The pandemic and further lockdowns posed a cruel dilemma for governments across the world – to save lives or livelihoods. It was unfortunate that more than six million people have died so far due to Covid. But the scientific and pharma communities have been exceptionally effective in delivering vaccines within just a year. It is phenomenal.
With regards to livelihoods, there has been a mixed bag of decisions. Different countries adopted different policies. Some worked, some didn’t. The labour markets all over the world have been oscillating and experiencing structural challenges – work from home, great resignation, demand for work-life balance, higher wage demand, labour shortages, increased bargaining power of workers, etc.

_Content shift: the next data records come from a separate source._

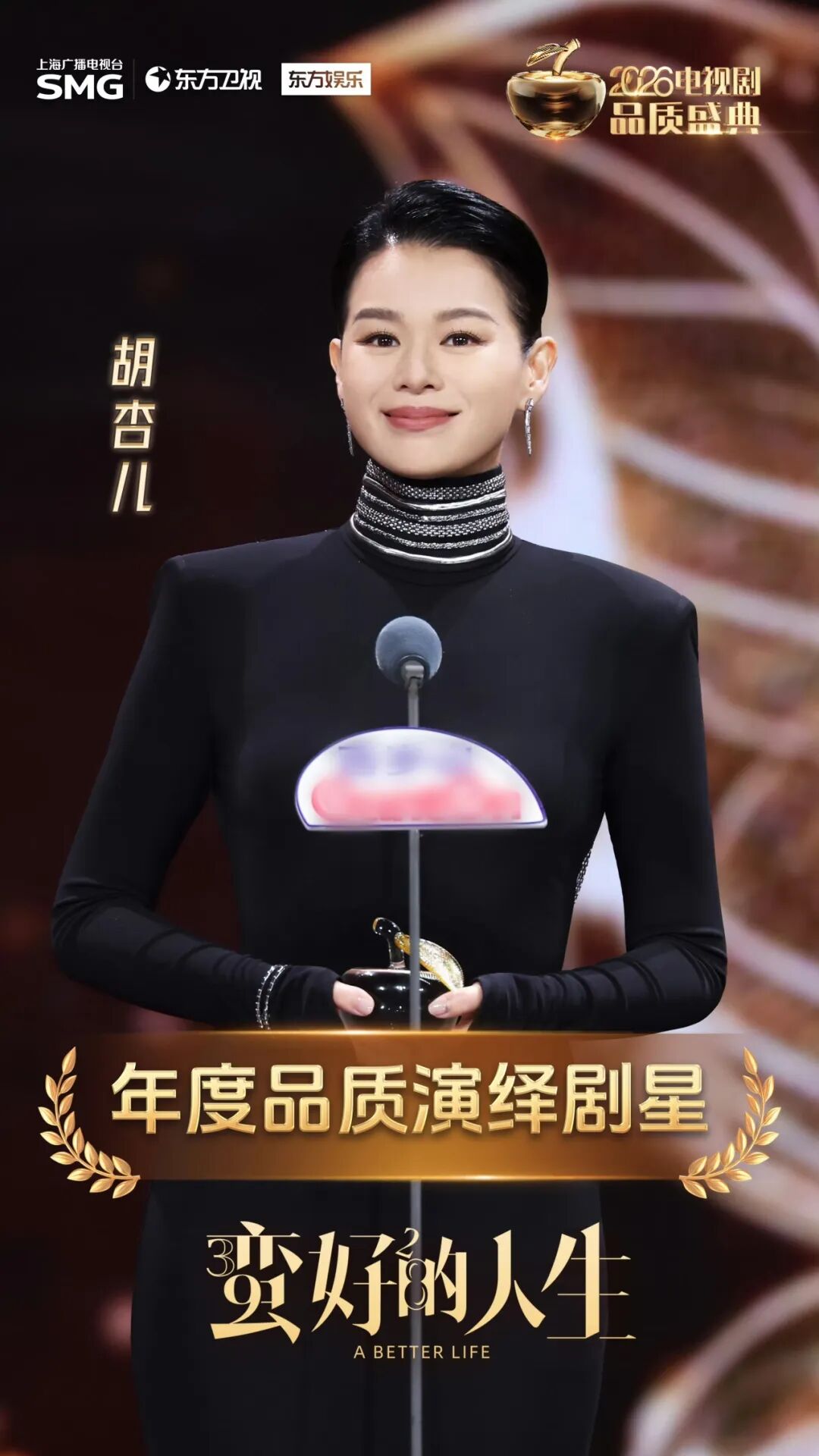 剧耀东方 2026电视剧品质盛典 星光聚首,品质铸魂!昨晚,2026上海影视创制大会系列活动——《剧耀东方•2026电视剧品质盛典》在东方卫视播出。各大剧组主创齐聚现场,共赴荣耀之约,摘得属于他们的“品质之果”。 由上海广播电视台荣誉呈现,中央电视台、东方明珠旗下尚世影业、优酷联合出品的都市民生话题剧《蛮好的人生》大放异彩,一举斩获“年度品质榜样剧作”“品质静安年度荣誉剧作”两大重磅剧集奖项,同时包揽“年度卓越品质之星(孙俪)”“年度品质演绎剧星(胡杏儿、高鑫)”“年度品质导演(汪俊)”“年度品质原创编剧(费慧君)”五项主创荣誉,以7项大奖的亮眼成绩,成为本届盛典当之无愧的品质赢家与剧集标杆。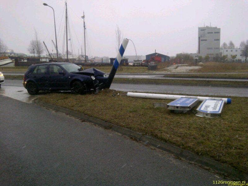 Een buschauffeur meldde tijdens zijn rit een aanrijding dat een auto tegen een verkeerspaal was aangereden.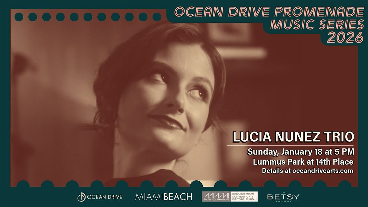 Join us on Ocean Drive on January 18th for a performance featuring Lucia Nunez Trio as part of the Ocean Drive Promenade Music Series, a free, weekly concert series presented by the Ocean Drive Association. Pack a picnic blanket or lawn chair to stake out your seat on the lawn. Showtime is at 5:00 PM.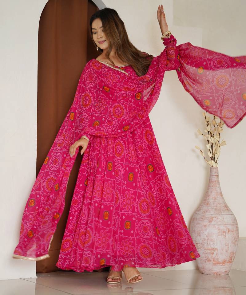 | Product Name | Rani Pink Festive Wear Designer Pure Soft Lightweight Chiffon Bandhej Readymade Suit | |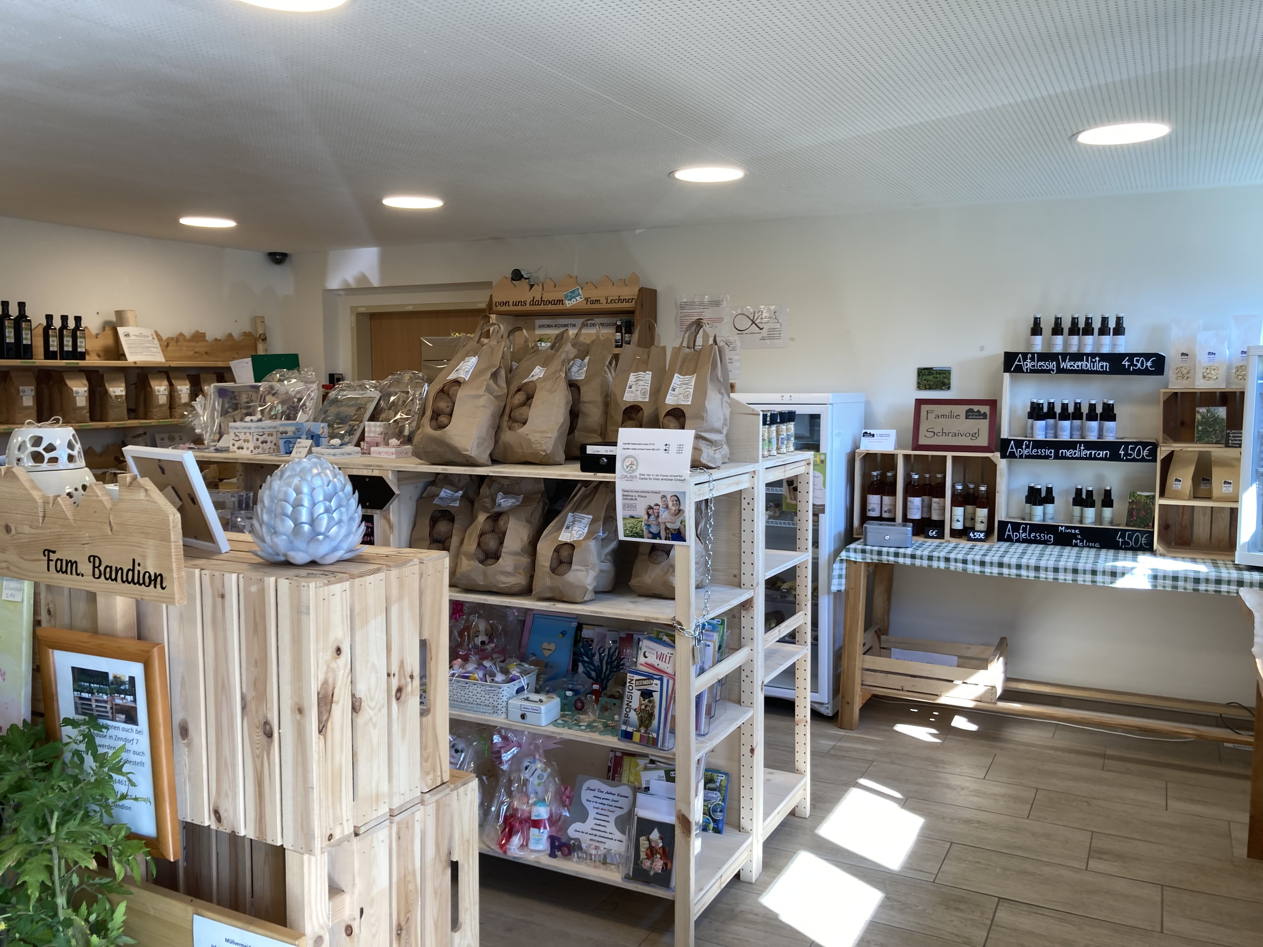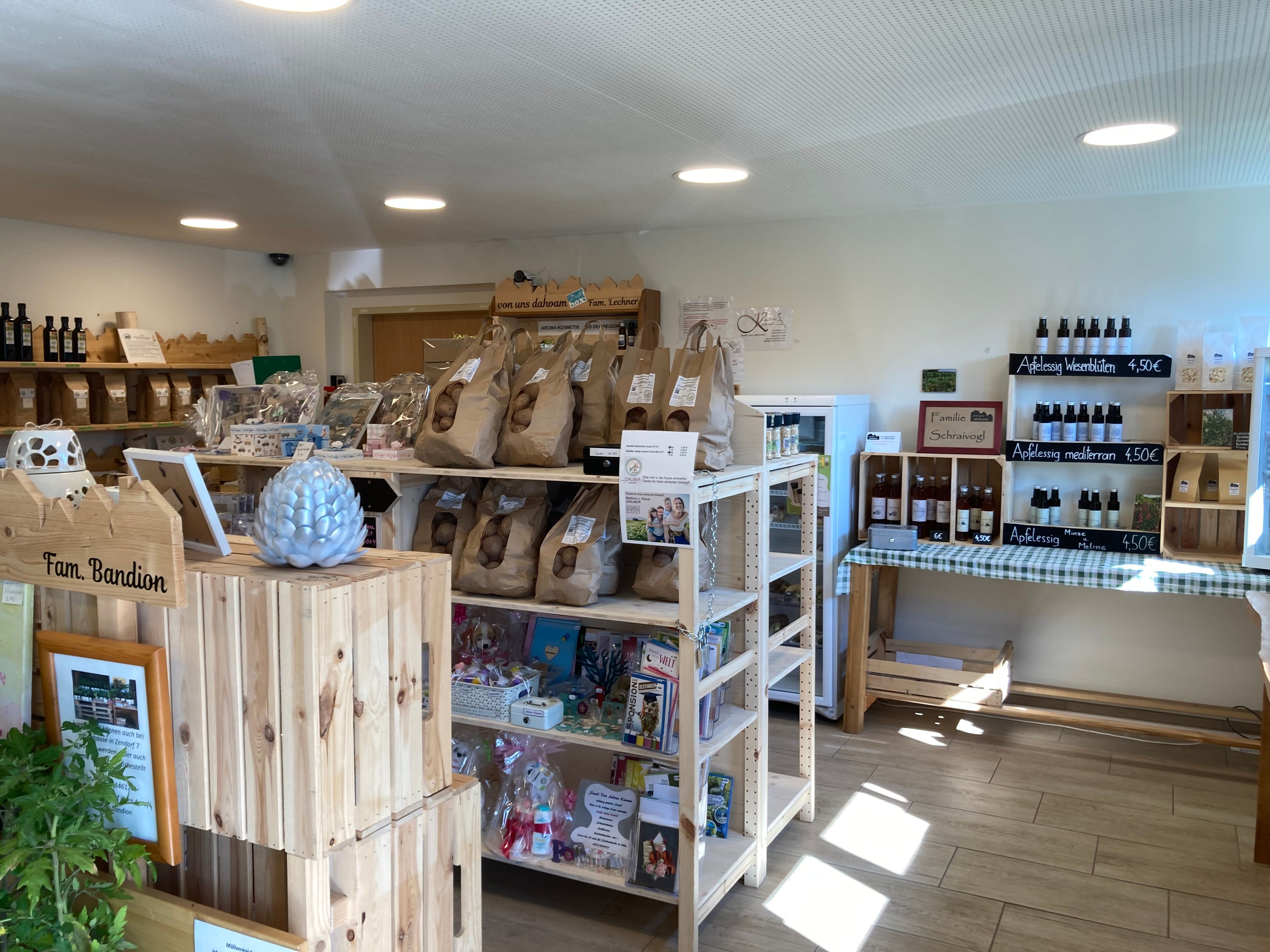 Der 2018 eröffnete Regionalladen „Von uns dahoam“ in Hafnerbach ist in der Volksschule untergebracht und täglich von 0 bis 24 Uhr geöffnet. Der gemütliche Selbstbedienungsladen bietet Produkte von 15 regionalen Erzeugern an. Die Palette reicht von Holzarbeiten über Körperpflegeprodukte bis hin zu Lebensmitteln in bester Qualität.

Two years after the pandemic, it seems that unemployment is no more an exceptionally different problem. It doesn’t mean that the governments have solved it. But, at least, statistically, they have brought it down to the pre-Covid levels. Remember, the 20%+ unemployment rates during the initial days of lockdown? Most large countries don’t have that anymore, thanks to less lethal variants and stronger antibodies in our bodies.
The data from the below chart show that unemployment rates in most countries (both advanced and emerging economies) are now below the pre-Covid levels. India and China have maintained the pre-Covid level while the situation has worsened in Malaysia and Peru.

[Unemployment rates in other countries: South Africa (Jan-Mar 2022) = 34.5%, Tunisia (Jan-Mar 2022) = 16.1%, Spain (Jan-Mar 2022) = 13.7%, Turkey (Apr 2022) = 11.3%]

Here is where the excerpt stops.